Enter me - I have never liked conflict. I've always had a tendency to run from tense situations and preferred to resolve issues from a distance so I didn't have to face people while they were angry. As I entered my relationship with my ex, I had no idea about the depth of his issues, and found myself facing conflict with him again and again, getting worse and worse as his abuse of me reached a point where I became traumatized and fearful for my life.

I left this relationship, and was diagnosed with PTSD by the therapist a saw after. I have found that I am now even more wary of conflict than I was before, and tend to avoid situations that have even the slightest hint of possible tension. Before, I could stand my ground on things that I felt were worth facing a conflict, even though I didn't like it. Now, if I sense tension, I say or do whatever I can to get out of the situation quickly and avoid the conflict, filled with anxiety as I try to avoid a fight.

--

Based on these two personal examples and reading through the other posts, I think a person's inclination toward violence really has nothing at all to do with whether or not they have PTSD and more to do with their natural inclination to swing towards "fight" or "flight" when their instincts kick in. Everyone will have a personal tendency to choose one over the other based on nothing more than their personality - and I think those with PTSD just have that fight or flight response triggered more than normal.

It's like that instinct was tuned in to hyperactivity - responding to even the slightest hint of danger, where someone without PTSD would only have that instinct kick in for truly life threatening situations. I think people with PTSD that typically lash out more are leaning toward the "fight" end, and those who typically dissociate more are leaning toward the "flight" end.
 
Its interesting as my sister and I identified with different parents. My father was the obviously aggressive one and it seems my sister barely remembers my mother growing up.

It seems to me that anger makes her feel powerful in the moment and it is hard for her to avoid that reflex reaction whereas for me anger is frightening and being out of control. I often think anger is when someone wants to control others more than self and lack of anger when someone wants to control self more than others. I see both as flip sides of exactly the same coin. They are both problems with anger. It's just a little like Russian roulette which way it swings and to do with many different factors.

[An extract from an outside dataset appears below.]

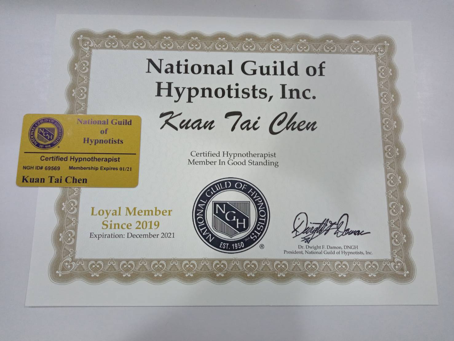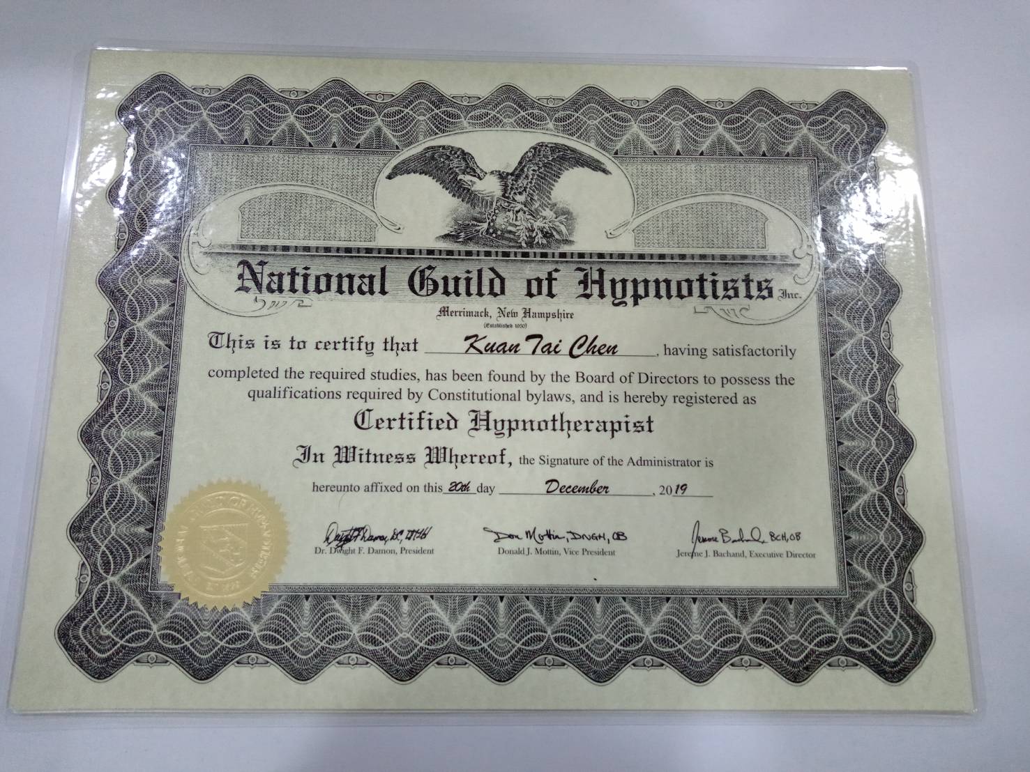 陳寬泰老師-NGH催眠師證照及 NGH會員證書

My favourite article by Pete Walker is again relevant too.https://www.myptsd.com/threads/complex-post-traumatic-stress-disorder-cptsd.13764/
 
It could be that the nature of the training and trauma contributes to later life tendency towards violence. I don't know. I don't like to stereotype but if a person is trained to fight by professionals, that will be a difficult training to undo.

I was never in combat. I was abused as a child and always turned the other cheek, hoping that loving them enuf would stop it.

It didn't work.

I was hurt so much I go out of my way not to hurt others if I can help it.

But combat or no, violent or no, the studies say that PTSD and C-PTSD sufferers have little to no compassion for themselves.

But if they drink, well...forget about any predictable rational behavior. The nicest people sober turn into Dr. Jekyll - Mr. Hyde types. Alcohol is a drug that affects stress hormones big time, as in adrenalin, etc. Then all bets are off.

Excuse my rant. I guess I mined a vein.